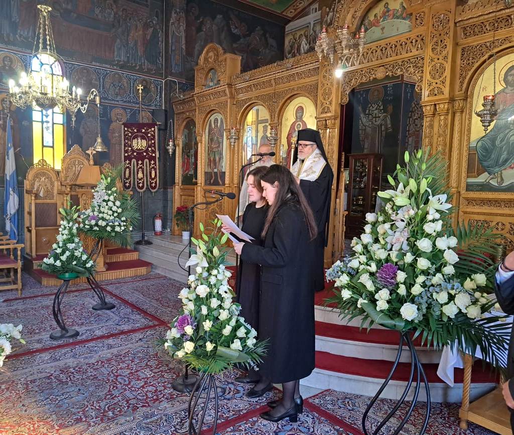 Με κατάνυξη παρακολούθησαν όλοι τον Σεβασμιώτατο Μητροπολίτη Γουινέας κ. Γεώργιο, κατά την επικήδεια τελετή του αγαπημένου τους προσώπου, και ιδιαίτερη συγκίνηση αισθάνθηκαν άπαντες όταν μετά τον λόγο του, οι δύο κόρες του εκλιπόντος διάβασαν με τρεμάμενη φωνή, αυτά που ένιωθαν για τον αγαπημένο τους πατέρα. «Αγαπημένε μας πατέρα εσύ μας νοιάστηκες, μας φρόντισες, μας αγάπησες, ήσουν δίπλα μας  κάθε στιγμή, σ αγαπάμε και σου οφείλουμε τα πάντα για όσα μας πρόσφερες. Σ ευχαριστούμε καλό σου ταξίδι».
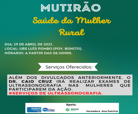 A Prefeitura Municipal, por intermédio da Secretaria Municipal de Saúde em parceria com o Senar e co...
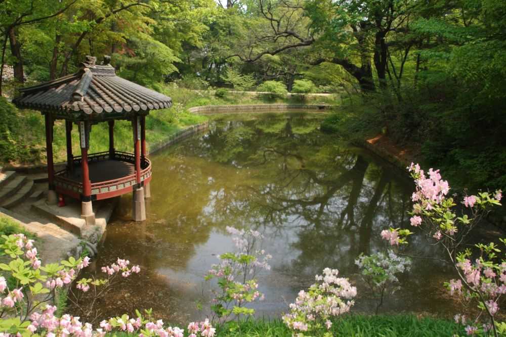 Жемчужина Чхандоккуна – парк, который находится за дворцом. Сад, доступ в который открыт только королевской семье и дворец, – единый комплекс. Сад постепенно поднимается в гору, сливаясь с лесом. Здесь выращивают 25 000 разных пород деревьев.
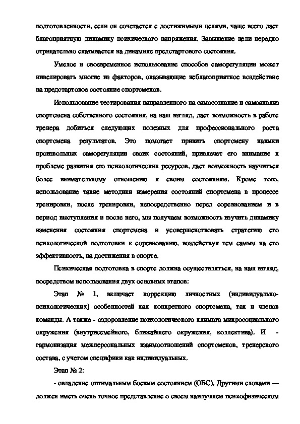 стратегию его психологической подготовки к соревнованию, воздействуя темсамым на его эффективность, на достижения в спорте.
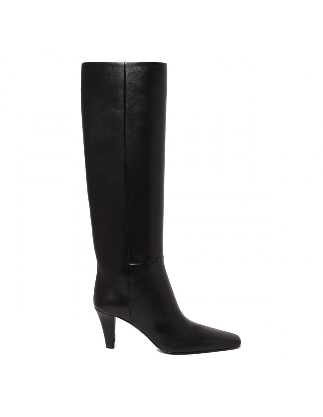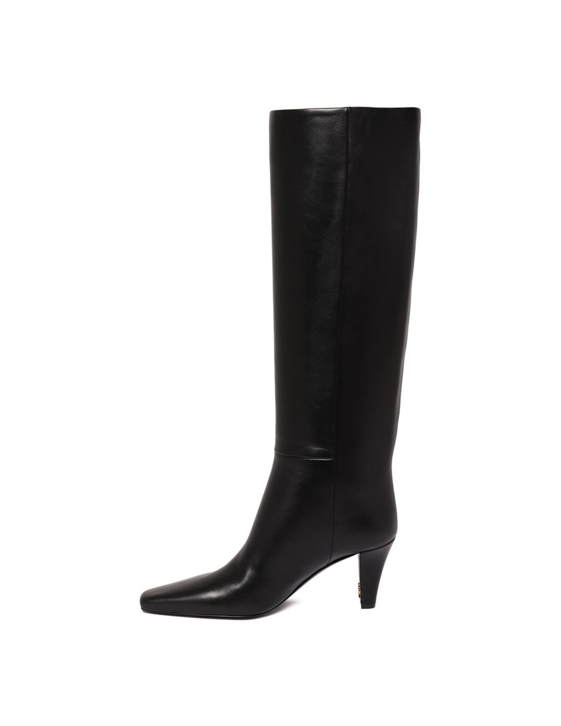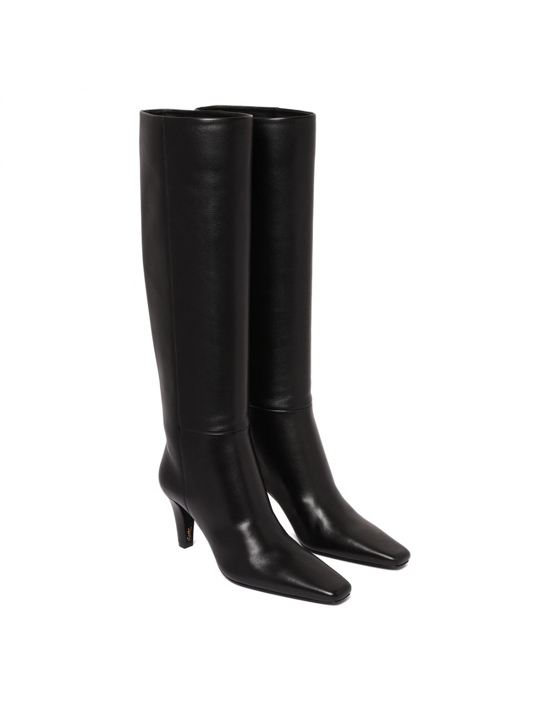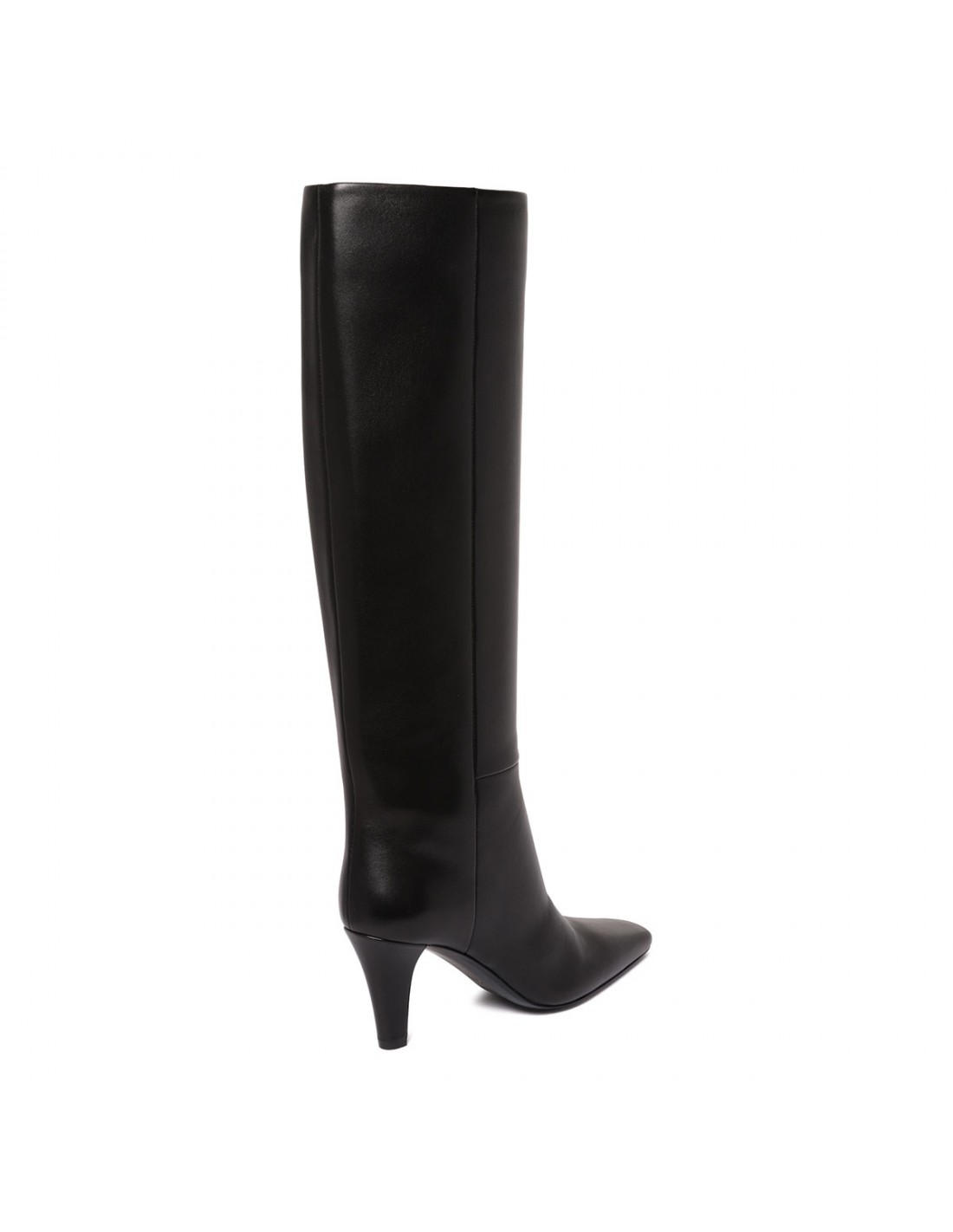 Black smooth leather Jill boots from Saint Laurent featuring pointed toe, tapered 75 block heel with internal Cassandre decoration, leather insole and sole.
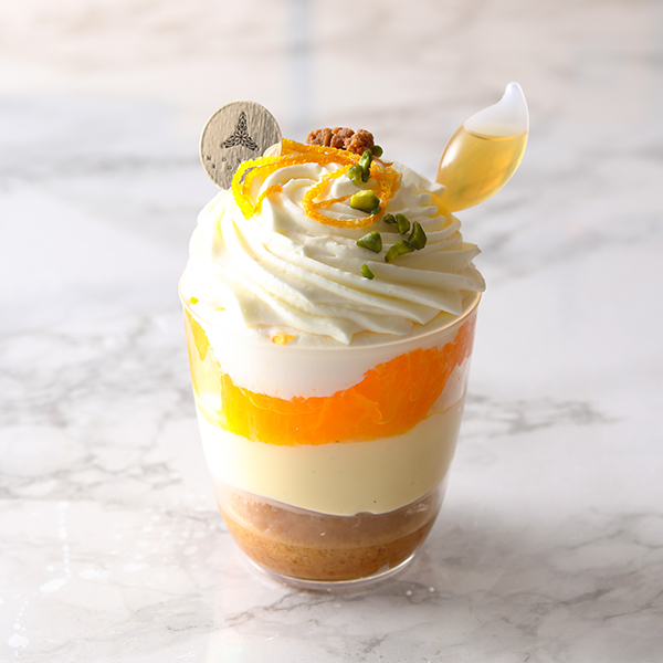 ゴロっと切り分けた桃を爽やかな桃のジュレに入れ、クリーミーな杏仁パンナコッタと層にした清涼感のあるスイーツ。
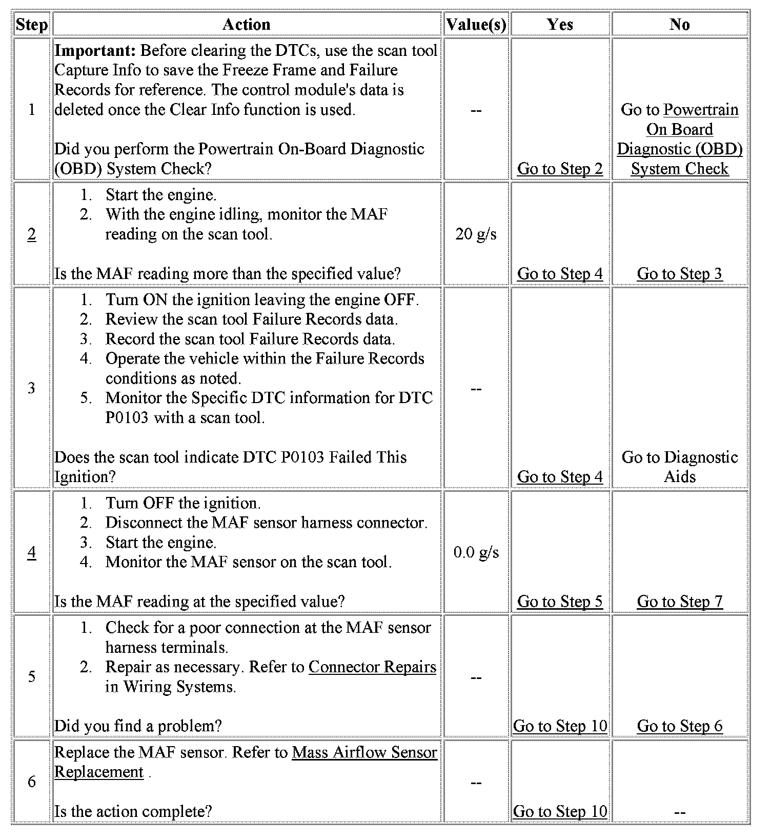 - A damaged harness. Inspect the wiring harness for damage. If the harness appears to be OK, observe the scan tool while moving connectors and wiring harnesses related to the MAF sensor. A change in the display will indicate the location of the malfunction.
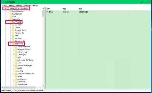 2、在打開的注冊表編輯器窗口,依次展開:HKEY_Local_MACHINE\Software\Microsoft;
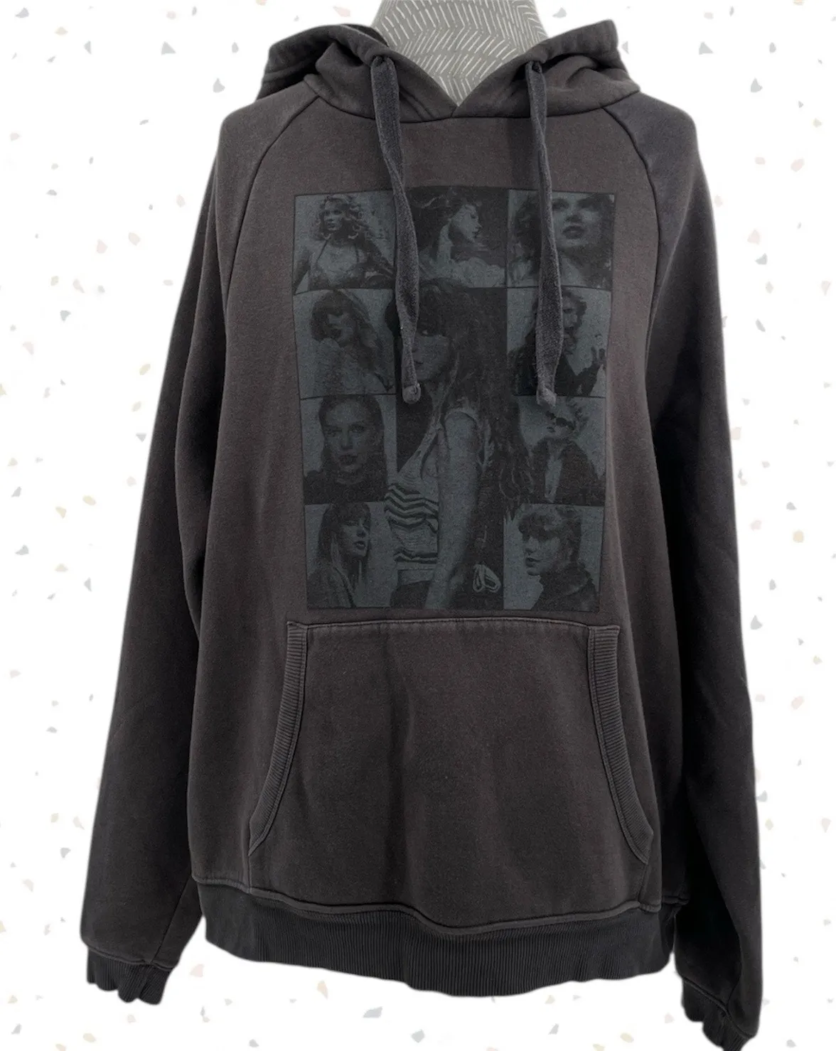 Comfy casual and perfect for a snuggling up on a chilly day, this oversized hoodie is a faded washed out charcoal black color with the Eras images on the front, concert dates & albums on the back, Taylor Swift down one sleeve and The Eras Tour down the other. Official tour merch from the Minneapolis concert. Hoodie is faded, has some spots and wash-wear, and one snag under one arm. Print down one shoulder is almost entirely faded away. See pics. Taylor Swift unisex size S Approx: 24” pit to pit 26” front length
***
In the listing above, find the line containing "стратегию его психологической". Output it and every line after it up to and including the line containing "Black smooth leather", exactly, but skip the pictures.

Solution to the exercise |
 стратегию его психологической подготовки к соревнованию, воздействуя темсамым на его эффективность, на достижения в спорте.
 Black smooth leather Jill boots from Saint Laurent featuring pointed toe, tapered 75 block heel with internal Cassandre decoration, leather insole and sole.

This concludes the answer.